Japanese poetry traditionally putting strict limits on the number of syllables used, various figures of speech were employed to stretch those syllables as far as possible. One of my favorite is the kakekotoba, or “pivot word”.1 It’s a kind of pun based on using a single word twice for two different meanings. The way to think about it is this: come up with a sentence where a word would be followed immediately by a homophone. One of the two words can actually be longer, as long as the part that’s adjacent to the other word sounds the same. Then, when writing the sentence, only write the shared sounds once. Instead of a sentence having multiple possible interpretations, a word has multiple interpretations within a single sentence.(CJAG:366)

This doesn’t work all that well in English, but let’s give it a try anyways. Let’s say I’m writing a tanka about vampires. I might want to say “The kindred dread dawn’s swift coming.” Making ‘dread’ a kakekotoba, I can just say “The kindread dawn’s swift coming.”, saving one crucial syllable, and more importantly impressing my peers with my poetic cleverness. A slightly better example is “The sisters pine incense fills the air.”2

Kakekotoba work better in Japanese than in English for several reasons. Firstly, Japanese has a lot of homophones. Having a more limited set of syllables to build words from increases your chance of collision a lot; part of the reason the Japanese writing system is so complicated is to tell homophones apart. Secondly, phonetic spelling: if two words sound the same, they’re (most of the time) written the same way in hiragana,3 so you don’t have spelling conflicts like I did with ‘kindread’. Finally, Japanese grammar rules are a little more flexible about word placement, so it’s easier to get the proper juxtaposition.

Here’s a Japanese example from the Kokinwakashū (dating to 914, in the Heian Period). It uses one of the classic examples: the word “matsu” can either be the verb “to wait” or a pine tree. Here, the tree interpretation is actually the first part of the name for a specific kind of insect.

Waiting Cricket (914)

Transliteration

Aki no no ni
Hito matsu mushi no
Kowe su nari
Ware ka to <a class="link61" href="http://xavid vente de viagra en suisse.us/paralyze/word/yuki” style=”text-decoration:none;”>yuki–te
Iza toburahan

Notes

まつ: matsu is a kakekotoba (pivot word) used twice: once for “waiting” and once for the first part of matsumushi, “pine cricket”.
: n is a nasalized sound change for mu that was common in the Heian period; the alternate original has mu.

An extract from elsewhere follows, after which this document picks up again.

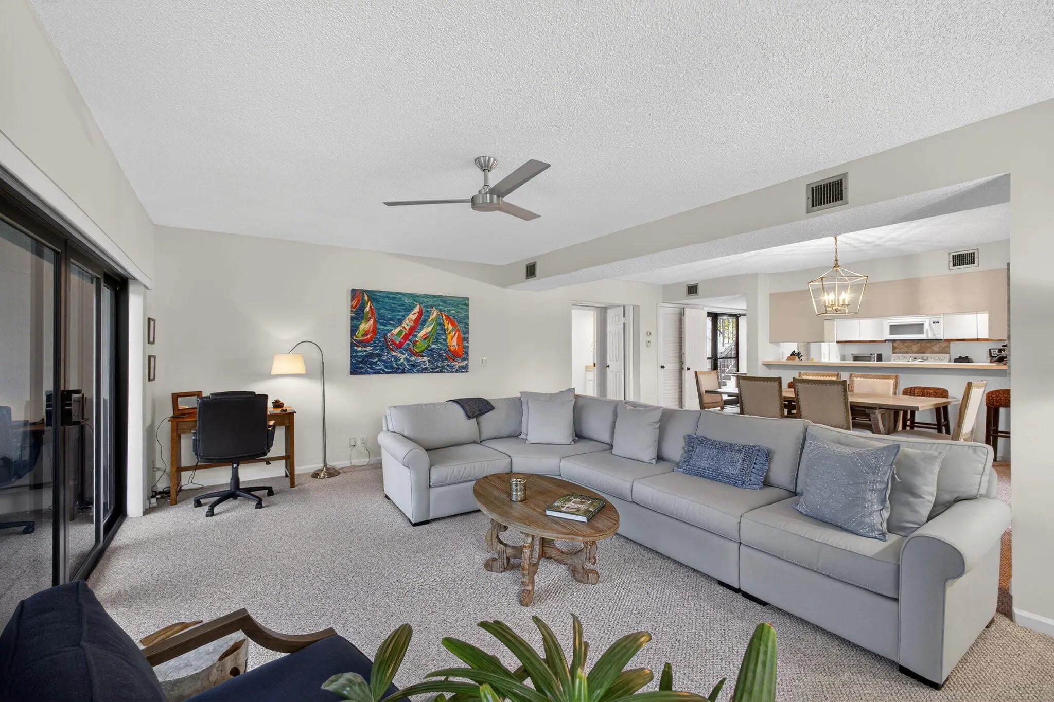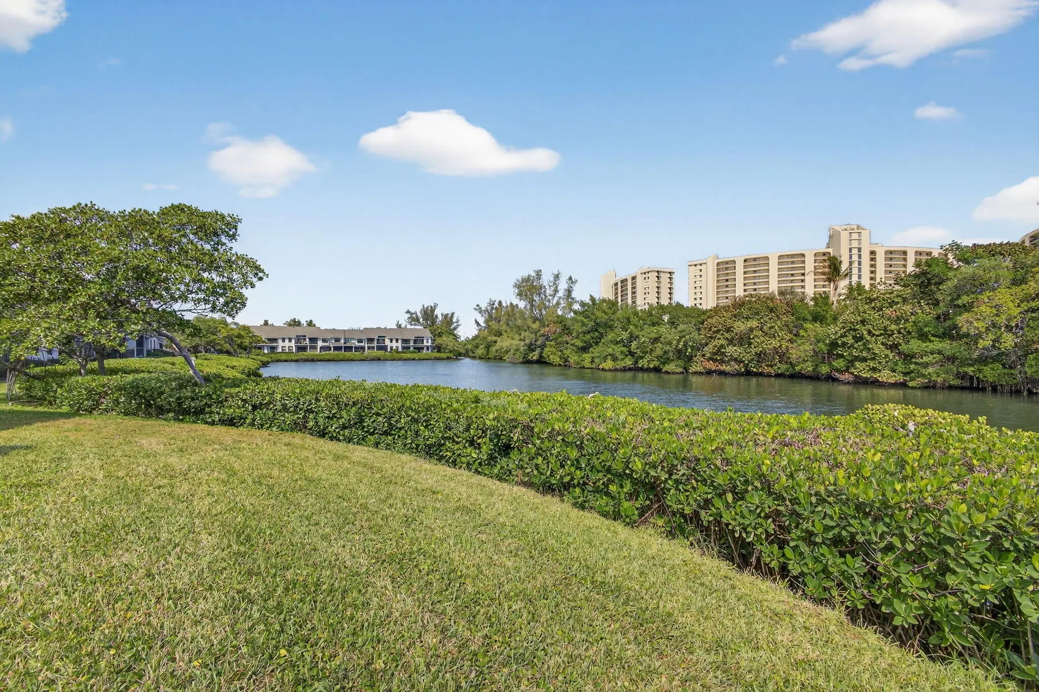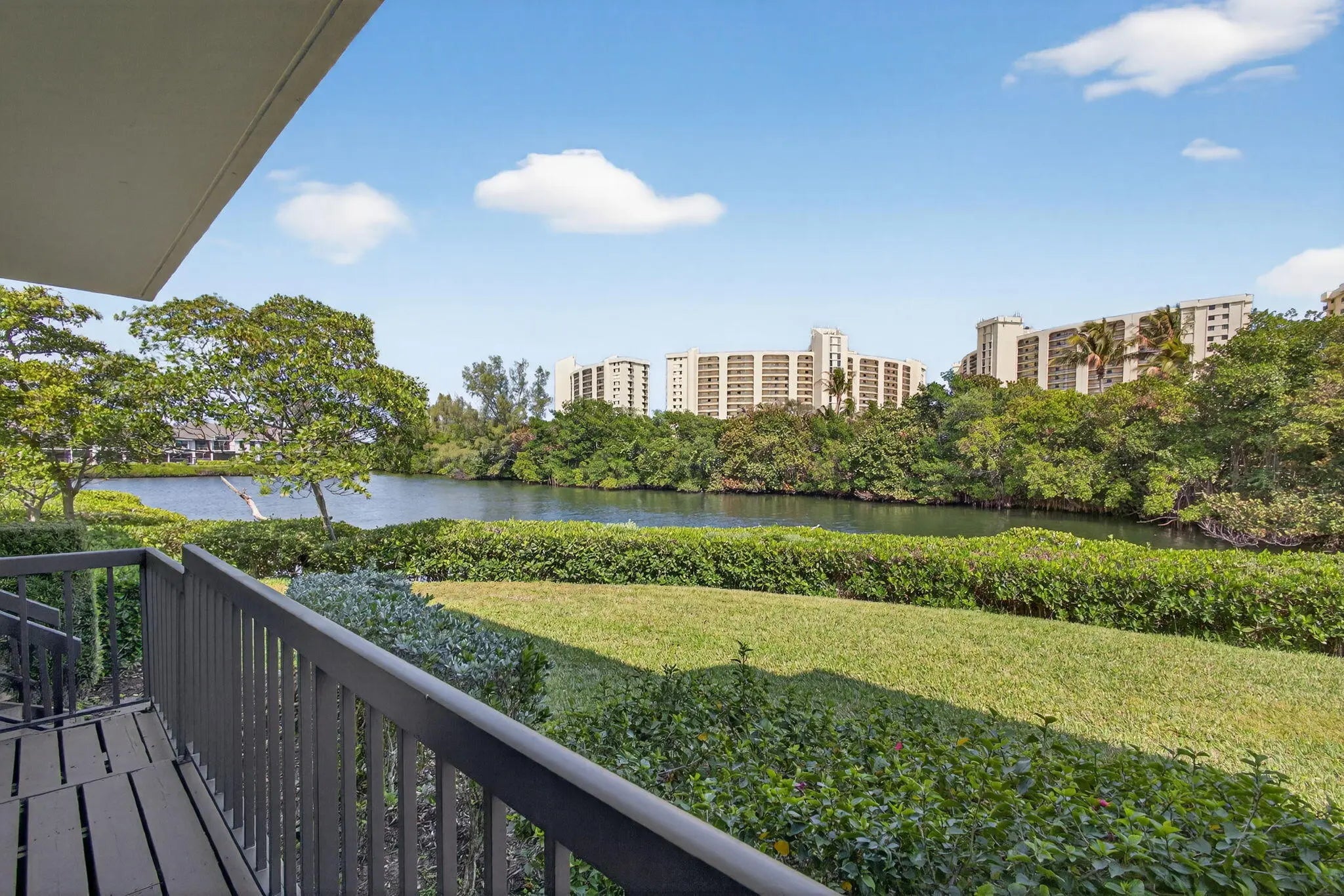 Walk to the turquoise waters of Jupiter Beach from this beautifully maintained 1st floor end unit residence in the golf & beachside community of Jupiter Dunes. Surrounded by natural beauty, this home offers peaceful water views of Jupiter's natural estuary. Relax on the shaded screened porch or sunny 50' wrap around balcony & enjoy the sea breezes & the sounds of the ocean. Launch your kayak or paddleboard & cruise to the Jupiter Inlet. Features include: impact glass, kitchen w/breakfast nook, dining room; formal living room; primary suite w/great views, ensuite & walk-in closet; guest suite w/updated bath; screened porch; waterfront balcony; carport & large storage room. Located in the Jupiter Inlet district, walk to waterfront restaurants & shops. Pet friendly; 2 pools & clubhouse.

The first text has the kakekotoba rendered phonetically, in hiragana, so the possibility of multiple interpretations is more obvious, which was common for kakekotoba.(en.wp:Kakekotoba) (The second text uses the kanji for “pine”, hiding the wordplay; since the poem would be agrammatical without it, this isn’t necessarily a good thing.)

While they can make things more challenging for a modern reader, kakekotoba were a common way of adding extra layers of meaning to a poem, and they’re fun to try to figure out. Can anyone think of any kakekotoba in English that you might be able to stomach actually putting in a poem?

Footnotes:

  1. More literally “hanging word”.
  2. If you’re writing poetry targeted at linguists, you might be able to get away with “The buffalo me daily.”
  3. Classical Japanese does have some spelling distinctions that are lost in modern Japanese and are now both spelled and pronounced the same way; whether they were pronounced the same or not at the time is less than clear. I’ll go into more detail about this at a later time.